2. If you plan to use a software application to help run your business — from enterprise resource planning (ERP) to accounting, customer relationship management (CRM), shopping cart and e-commerce systems, look for one with visibility tools built in. Many prominent software companies work with major shippers and 3PLs to strengthen their applications by integrating tracking functionality and other shipping tools.

3. Don't limit visibility information to the shipping department. For example, the finance department can use a confirmed delivery notice to automatically trigger invoices, cutting days off payment cycle times. And it can use electronically generated information about who initiated a shipment to easily assign billing charges to clients or internal departments at the end of the month.
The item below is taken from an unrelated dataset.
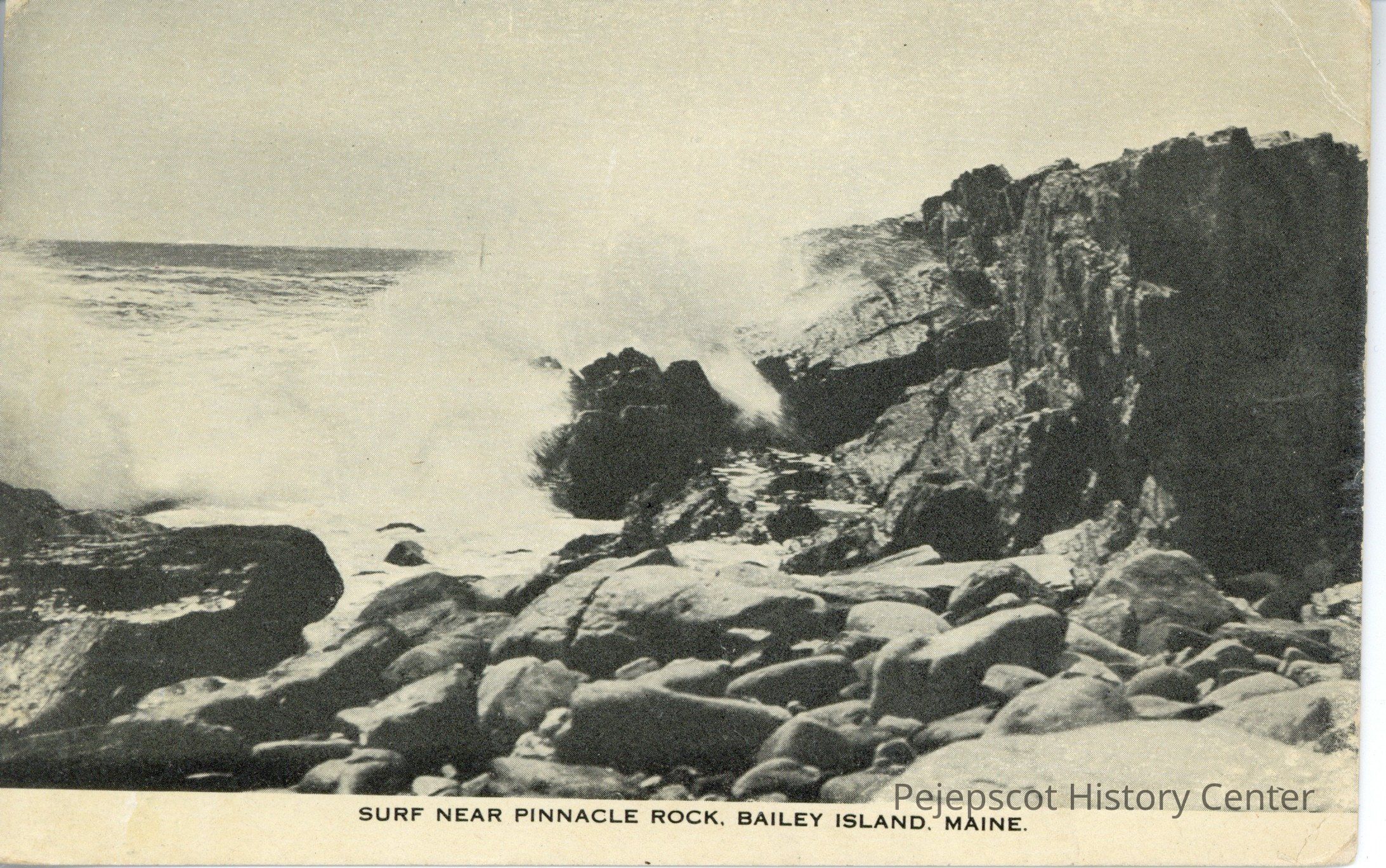 Black and white photo post card of surf near Pinnacle Rock, Bailey Island, Maine.Collection

The customer service department can proactively contact customers when it receives information that a shipment is in route, or that it's been delayed due to weather or a customs issue, enhancing customer relationships.
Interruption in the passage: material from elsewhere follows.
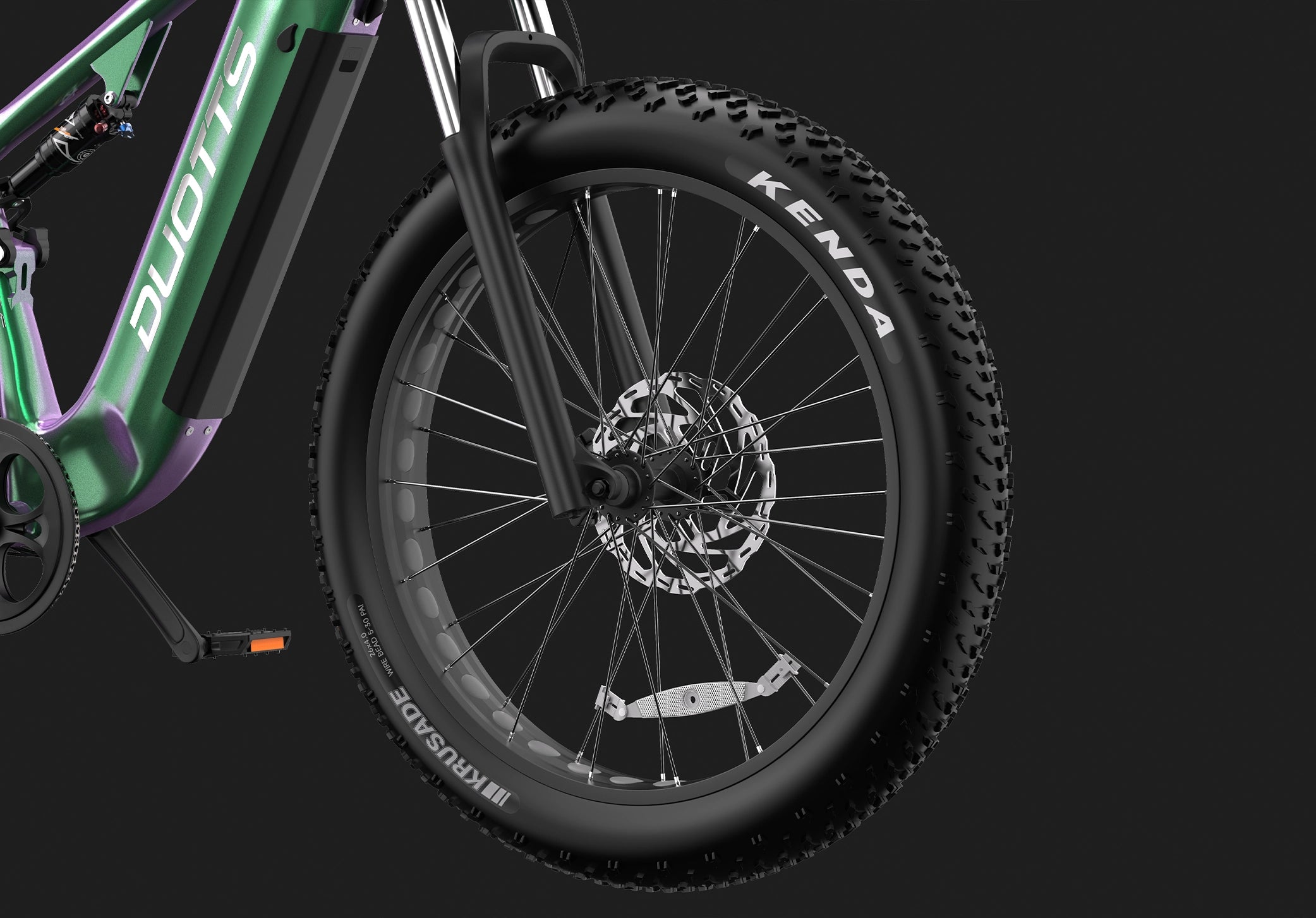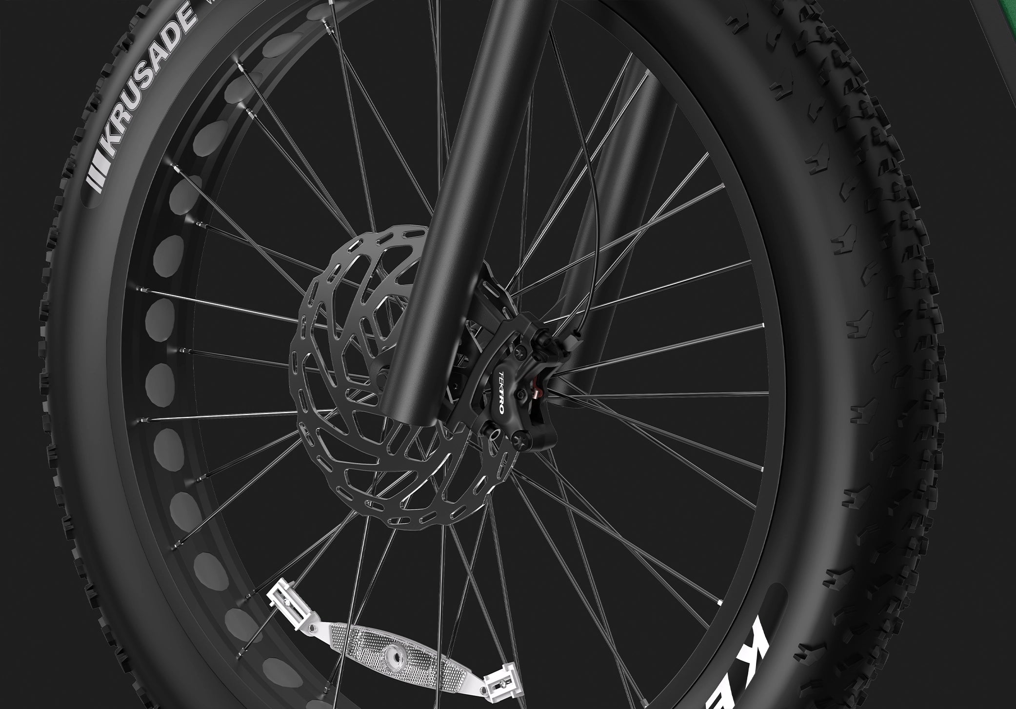 Equipped with TEKTRO's four-piston hydraulic brake system and 203MM x 2.3MM rotors, this electric bike delivers exceptional braking power. Whether descending steep hills or making quick stops, you'll experience precise control and enhanced safety. The four-piston design ensures smooth, rapid stops with minimal stopping distance, making it perfect for city commutes and off-road adventures alike.

4. Integrate visibility tools into your own Web site or other customer-facing components of your operation. Many companies have integrated online tracking and other shipping tools onto their own Web sites. This not only allows them to improve service to their own customers and cut down on where's my order phone calls, but it also drives additional traffic on your site as customers return to check on the status of their orders. Proactive notification of shipment status enables shippers to improve their customer service by proactively alerting customers of critical package status events.

Most shipping companies offer supply chain visibility solutions, and some go much further; it's worth your while to make sure the company you deal with offers the solution that's right for you. And if not, don't be afraid to shop around.